Szczotkuję mu zęby...
- Robisz mi ała.
- O, przepraszam.
- Tak, delikatnie rób ała.
- Pan ma układankę. (patrząc na robotnika układającego brukową kostkę)
Uderzył się w łokieć, aż nie może ruszać ręką.
- Co? Nie mozesz nawet ruszać ręką? Jak nie będziesz uważał, to trzeba będzie pojechać do szpitala i pan doktor zrobi zastrzyk w pupę.
Po dłuższej chwili: - Ale ja mogę ruszać pupą.
Po moim powrocie z Włoch
- Jak było we Włosku?
- Zaśpiewaj mi piosenkę.
- Ja nie umiem spiewać
- Mama też nie umie
- Jak to? Przecież Mama umie. (Mama akurat dużo mu śpiewała)

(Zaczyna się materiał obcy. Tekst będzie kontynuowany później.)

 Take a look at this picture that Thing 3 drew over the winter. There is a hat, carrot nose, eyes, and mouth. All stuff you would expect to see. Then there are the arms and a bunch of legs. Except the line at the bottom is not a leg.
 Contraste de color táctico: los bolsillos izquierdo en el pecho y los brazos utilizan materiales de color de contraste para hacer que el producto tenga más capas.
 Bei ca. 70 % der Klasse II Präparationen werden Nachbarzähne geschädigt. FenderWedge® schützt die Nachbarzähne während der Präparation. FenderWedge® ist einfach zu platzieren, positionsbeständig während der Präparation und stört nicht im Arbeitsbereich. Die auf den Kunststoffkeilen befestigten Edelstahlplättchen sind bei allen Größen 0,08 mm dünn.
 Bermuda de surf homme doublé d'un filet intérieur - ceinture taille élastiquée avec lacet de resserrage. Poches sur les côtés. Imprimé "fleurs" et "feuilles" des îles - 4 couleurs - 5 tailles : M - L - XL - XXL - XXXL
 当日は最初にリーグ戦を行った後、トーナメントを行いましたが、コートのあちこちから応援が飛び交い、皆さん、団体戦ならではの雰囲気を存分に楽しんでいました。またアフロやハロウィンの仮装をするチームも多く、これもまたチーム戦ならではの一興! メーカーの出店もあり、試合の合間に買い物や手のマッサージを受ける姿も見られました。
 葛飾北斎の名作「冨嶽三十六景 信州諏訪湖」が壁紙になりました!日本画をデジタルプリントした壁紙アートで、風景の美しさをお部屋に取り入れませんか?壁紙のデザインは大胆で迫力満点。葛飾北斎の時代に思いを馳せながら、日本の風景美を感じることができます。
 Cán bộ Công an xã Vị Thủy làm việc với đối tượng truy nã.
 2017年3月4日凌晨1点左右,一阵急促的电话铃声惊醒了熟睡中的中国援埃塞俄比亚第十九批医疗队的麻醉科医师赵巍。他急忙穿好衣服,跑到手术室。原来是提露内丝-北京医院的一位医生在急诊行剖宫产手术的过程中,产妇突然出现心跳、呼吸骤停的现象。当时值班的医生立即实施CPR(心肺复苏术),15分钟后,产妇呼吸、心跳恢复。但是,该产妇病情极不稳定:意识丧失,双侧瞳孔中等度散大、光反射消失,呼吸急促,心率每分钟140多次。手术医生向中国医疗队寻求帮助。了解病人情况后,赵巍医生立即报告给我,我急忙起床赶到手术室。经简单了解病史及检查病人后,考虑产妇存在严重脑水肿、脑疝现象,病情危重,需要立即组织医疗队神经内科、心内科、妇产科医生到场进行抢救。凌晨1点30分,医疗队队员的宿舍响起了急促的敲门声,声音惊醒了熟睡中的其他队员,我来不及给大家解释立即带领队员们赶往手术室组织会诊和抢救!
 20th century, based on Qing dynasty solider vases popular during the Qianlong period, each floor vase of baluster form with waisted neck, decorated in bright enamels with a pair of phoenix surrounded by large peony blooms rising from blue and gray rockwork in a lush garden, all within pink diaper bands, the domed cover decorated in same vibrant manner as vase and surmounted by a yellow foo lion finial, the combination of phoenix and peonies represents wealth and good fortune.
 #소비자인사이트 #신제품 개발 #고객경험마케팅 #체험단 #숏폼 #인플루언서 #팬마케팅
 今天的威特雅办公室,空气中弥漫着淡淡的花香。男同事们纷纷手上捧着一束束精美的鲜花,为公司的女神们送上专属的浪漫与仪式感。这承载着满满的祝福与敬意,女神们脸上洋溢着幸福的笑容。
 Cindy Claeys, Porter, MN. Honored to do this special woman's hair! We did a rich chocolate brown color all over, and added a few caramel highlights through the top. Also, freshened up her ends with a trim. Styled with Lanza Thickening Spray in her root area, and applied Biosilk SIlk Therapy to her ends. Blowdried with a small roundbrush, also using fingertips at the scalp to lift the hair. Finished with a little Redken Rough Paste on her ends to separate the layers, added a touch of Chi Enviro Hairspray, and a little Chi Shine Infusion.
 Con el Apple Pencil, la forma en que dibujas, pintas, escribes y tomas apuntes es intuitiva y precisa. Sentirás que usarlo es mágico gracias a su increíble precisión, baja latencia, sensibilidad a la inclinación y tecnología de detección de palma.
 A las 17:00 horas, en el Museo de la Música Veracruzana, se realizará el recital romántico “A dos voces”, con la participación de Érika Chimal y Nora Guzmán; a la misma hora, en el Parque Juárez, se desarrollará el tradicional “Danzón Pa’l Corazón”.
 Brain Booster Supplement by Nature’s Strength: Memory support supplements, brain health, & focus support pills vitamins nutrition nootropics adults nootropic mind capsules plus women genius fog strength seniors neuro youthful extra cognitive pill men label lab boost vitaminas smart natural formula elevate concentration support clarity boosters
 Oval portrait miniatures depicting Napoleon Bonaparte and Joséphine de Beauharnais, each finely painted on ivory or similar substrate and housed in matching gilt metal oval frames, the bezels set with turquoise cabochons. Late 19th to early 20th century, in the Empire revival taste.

Po dłuższej przerwie, kompromisowo: - Trochę nie umie.
Sztuka konwersacji u trzylatków. Moja córeczka z nowym kolegą, przed stołówką, tuż po obiedzie. Stoją, stoją, rozmowa się nie klei. W końcu mała zagaja pokazujac na swój wypięty brzuszek: -Mam tu rybkę...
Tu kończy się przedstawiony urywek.